Regular peers of AS50869 at exchange points and private network interconnects will not be able to set any communities, so all large BGP communities from them are stripped on ingress.

Informational Communities

When FreeIX routers learn prefixes, they will annotate them with certain communities. For example, the router at Amsterdam NIKHEF (which is router #1, country #2), when learning a prefix at FrysIX (which is ixp #1152), will set the following BGP large communities:

  • (50869,1010,1): Informational (10XX), Router (1010), vpp0.nlams0.free-ix.net (1)
  • (50869,1020,2): Informational (10XX), Country (1020), Netherlands (2)
  • (50869,1030,1152): Informational (10XX), IXP (1030), PeeringDB IXP for FrysIX (1152)

When propagating these prefixes to neighbors (both members and peers), these informational communities can be used to determine local policy, for example by setting a different localpref or dropping prefixes from a certain location. Informational communities can be read, but they can’t be set by peers or members – they are always cleared by FreeIX routers when learning prefixes, and as such the only routers which will set them are the FreeIX ones.

Permission Communities

FreeIX maintains a list of permissions per member. When members announce their prefixes to FreeIX routers, these permissions communities are set. They determine what the member is allowed to do with FreeIX propagation - notably which routers, countries, internet exchanges and PNIs the member will be allowed to propagate to.

Usually, member prefixes are allowed to propagate everywhere, so the following communities might be set by the FreeIX router on ingress:

  • (50869,2010,0): Permission (20XX), Router (2010), everywhere (0)
  • (50869,2020,0): Permission (20XX), Country (2020), everywhere (0)
  • (50869,2030,0): Permission (20XX), IXP (2030), everywhere (0)
  • (50869,2031,0): Permission (20XX), PNI (2031), everywhere (0)

If the member prefixes are allowed to propagate only to certain places, the ‘everywhere’ communities will not be set, and instead lists of communities with finer grained permissions can be used, for example:

  • (50869,2010,2): Permission (20XX), Router (2010), vpp0.grskg0.free-ix.net (2)
  • (50869,2020,3): Permission (20XX), Country (2020), Greece (3)
  • (50869,2030,60): Permission (20XX), IXP (2030), PeeringDB IXP for SwissIX (60)
  • (50869,2031,8298): Permission (20XX), PNI (2031), IPng Networks GmbH (AS8298)
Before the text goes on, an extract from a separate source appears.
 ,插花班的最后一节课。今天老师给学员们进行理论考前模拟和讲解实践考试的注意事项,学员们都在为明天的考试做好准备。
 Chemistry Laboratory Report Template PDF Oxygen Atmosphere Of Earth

Permission communities can’t be set by peers, nor by members – they are always cleared by FreeIX routers when learning prefixes, and are configured explicitly by FreeIX operators.

Action Communities

Based on the permission communities, zero or more egress routers, countries and internet exchanges are eligible to propagate member prefixes by AS50869 to its peers. Members can define very fine grained action communities to further tweak which prefixes propagate on which routers, in which countries and towards which internet exchanges and private network interconnects:

  • (50869,3010,3): Inhibit Action (30XX), Router (3010), vpp0.gratt0.free-ix.net (3)
  • (50869,3020,1): Inhibit Action (30XX), Country (3020), Switzerland (1)
  • (50869,3030,1308): Inhibit Action (30XX), IXP (3030), PeeringDB IXP for LS-IX (1308)
  • (50869,3031,8298): Inhibit Action (30XX), PNI (3031), IPng Networks GmbH (AS8298)
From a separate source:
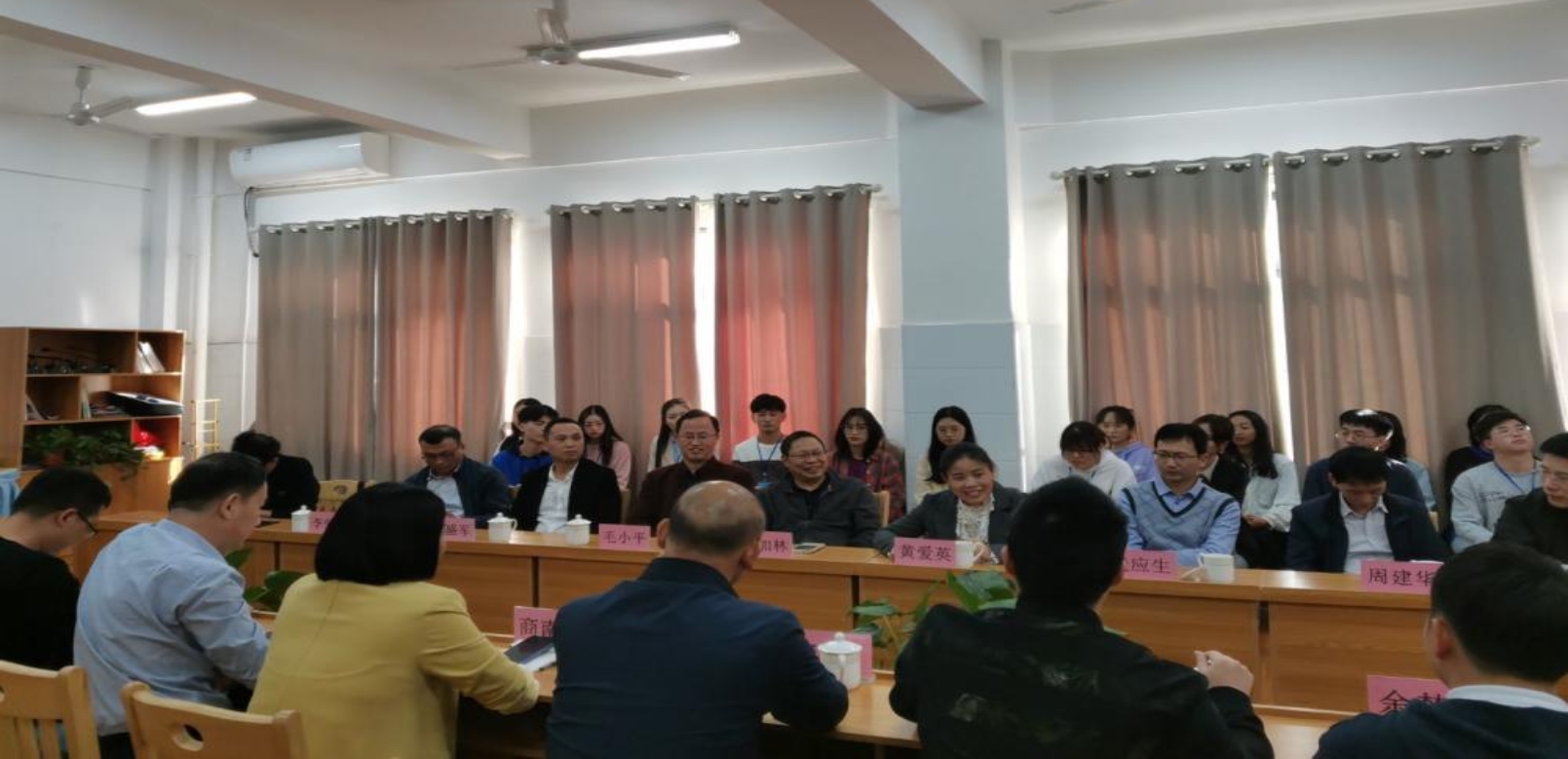 下午三点,签约仪式在综合楼三楼的生涯规划室如期举行。我院各位领导同新翰高中校长商南花、副校长潘明、各部门负责人、学科指导教师代表、班主任导师代表以及20名实习生参加了本次会议。

Further actions can be placed on a per-remote-neighbor basis:

  • (50869,3040,13030): Inhibit Action (30XX), AS (3040), Init7 (AS13030)
  • (50869,3041,6939): Prepend Action (30XX), Prepend Once (3041), Hurricane Electric (AS6939)
  • (50869,3042,12859): Prepend Action (30XX), Prepend Twice (3042), BIT BV (AS12859)
  • (50869,3043,8283): Prepend Action (30XX), Prepend Three Times (3043), Coloclue (AS8283)

Peers cannot set these actions, as all action communities will be stripped on ingress. Members can set these action communities on their sessions with FreeIX routers, however in some cases they may also be set by FreeIX operators when learning prefixes.

What’s next

Bird

Perhaps this interaction between informational, permission and action BGP communities gives you an idea on how such a network may operate. It’s somewhat different to a classic Transit provider, in that AS50869 will not carry a full table. It’ll merely provide a form of partial transit from member A at IXP #1, to and from all peers that can be found at IXPs #2-#N. Makes the mind boggle? Don’t worry, we’ll figure it out together :)

In an upcoming article I’ll detail the programming work that goes into implementing this complex peering policy in Bird2 as driving VPP routers (duh), with an IGP that is IPv4-less, because at this point, I [may as well] put my money where my mouth is.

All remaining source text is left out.